所属するライダー4人がライダー・ランキングで揃って上位に名前を連ねている。
Photo © Hazrin Yeob Men Shah / Motorsport.com




■ 冬季テストまとめレビュー

まず総括として、今季GPシーンの主役と目されるライダー達が、色んな意味で順当に注目を集めたオフになったと思う。
5つのコース中、王者ストーナーは2つのコースでトップタイムをマーク。ライバルのロッシ、ペドロサが1つずつで、残りもう1つを、大型新人のロレンツォが制した。偶然か必然か、まァ実にウマイ具合に”取り分け”られた感じだ。

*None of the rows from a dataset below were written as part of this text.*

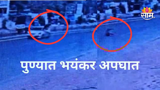 Sanaswadi Pune CCTV accident video worker killed : पुणे–अहिल्यानगर महामार्गावरील सणसवाडी येथे रस्ता ओलांडणाऱ्या एका मजुराला भरधाव कारने जोरदार धडक दिल्याची भीषण घटना घडली आहे. हा अपघात इतका भयानक होता की, धडकेनंतर संबंधित मजूर अक्षरशः फुटबॉलसारखा हवेत उंच उडून पुन्हा रस्त्यावर आदळला. अपघाताचा हा थरारक क्षण सीसीटीव्ही (CCTV) कॅमेऱ्यात कैद झाला असून, या घटनेत राजकुमार नावाच्या तरुण मजुराचा जागीच मृत्यू झाला आहे.
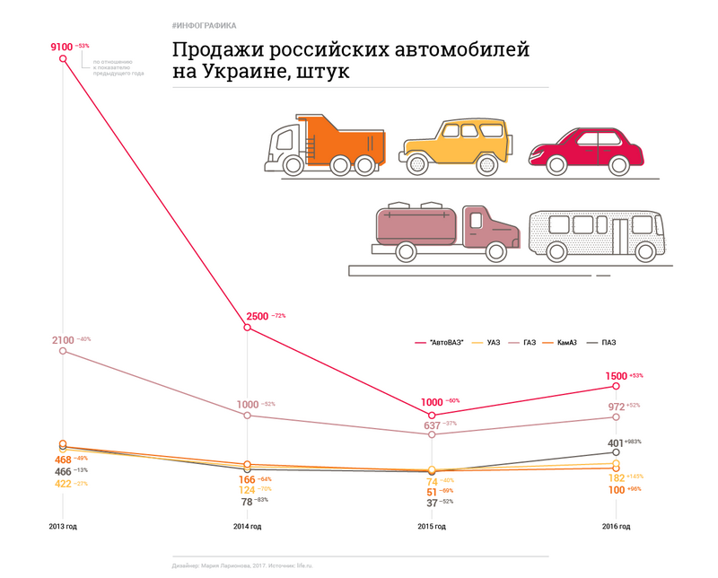 Украина после распада СССР оставалась самым главным экспортным рынком для российских автопроизводителей вплоть до конца 2013 года. Майдан в Киеве и последовавшие за ним перемены в стране серьёзно изменили финансовые возможности да и отношение украинцев к российской технике.
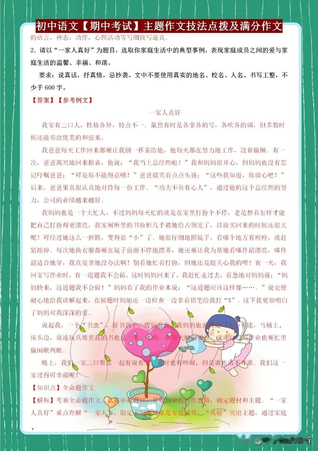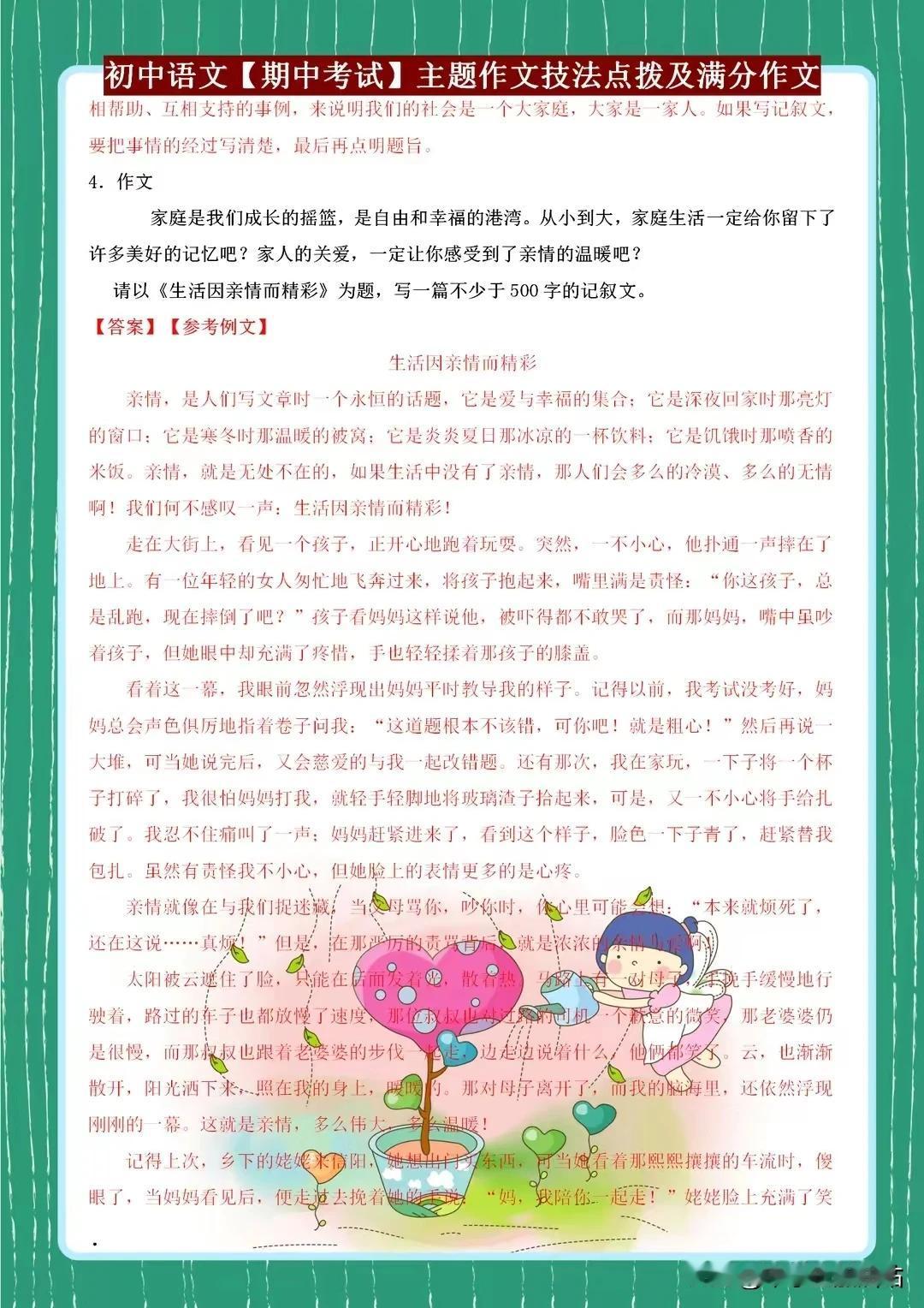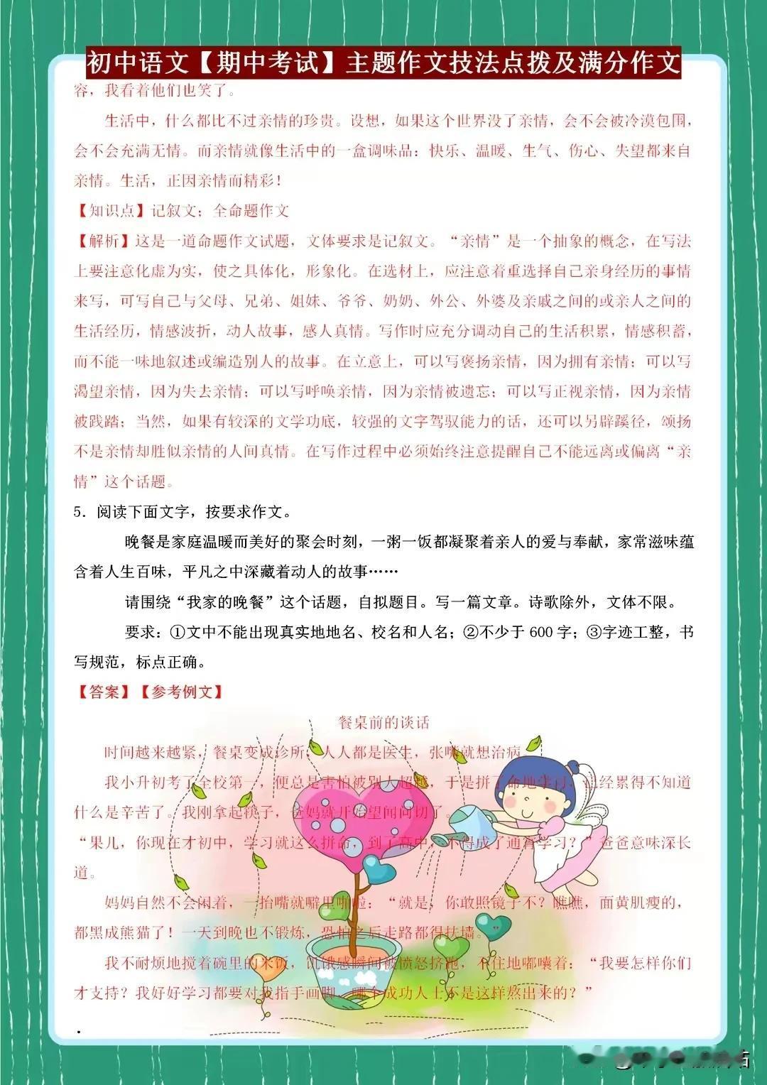初中语文【期中考试】高频作文——主题作文的写作方法及经典范文 初中语文期中考试,作文是重头戏。高频主题作文需注重写作方法:明确主题,紧扣题意;构思巧妙,条理清晰;语言生动,情感真挚。经典范文是学习的宝库,通过研读范文,可汲取其精华,提升写作水平。 同学们,要勤于积累素材,善于观察生活,用心感受世界。掌握这些方法与技巧,再结合范文的启示,相信你们的作文定能脱颖而出,赢得佳绩! 【左上角,点击我的“头像”,进入主页,有电子版获取方式】

内容的には、フィリップアイランドのストーナー、セパンのロッシが特に良かった。非公式ながら、ともに従来のコースレコードを大幅に上回るタイムを叩き出して、実力の高さを見せつけた。
ヘイデンが安定して速かったのも強い印象を残した。ただ、今一歩トップに届かないところが、いかにもヘイデンらしい感じ?

怪我人が目立ったのも、今オフのテストの特徴かな?
ロッシは昨季最終戦で負った怪我を引きずった状態でオフに突入し、王者ストーナーは今オフ一発目のバレンシア・テストでクラッシュして負傷。続いてペドロサまで年末のセパンで重傷を負い、年が明けてからはホッパーまでもが犠牲になった。エースが無事だったのはスズキだけ。
見方によっては、例年に無く荒れたオフになったとも言える。


以下、主要なライダーとメーカーの状況をチェックしてみる。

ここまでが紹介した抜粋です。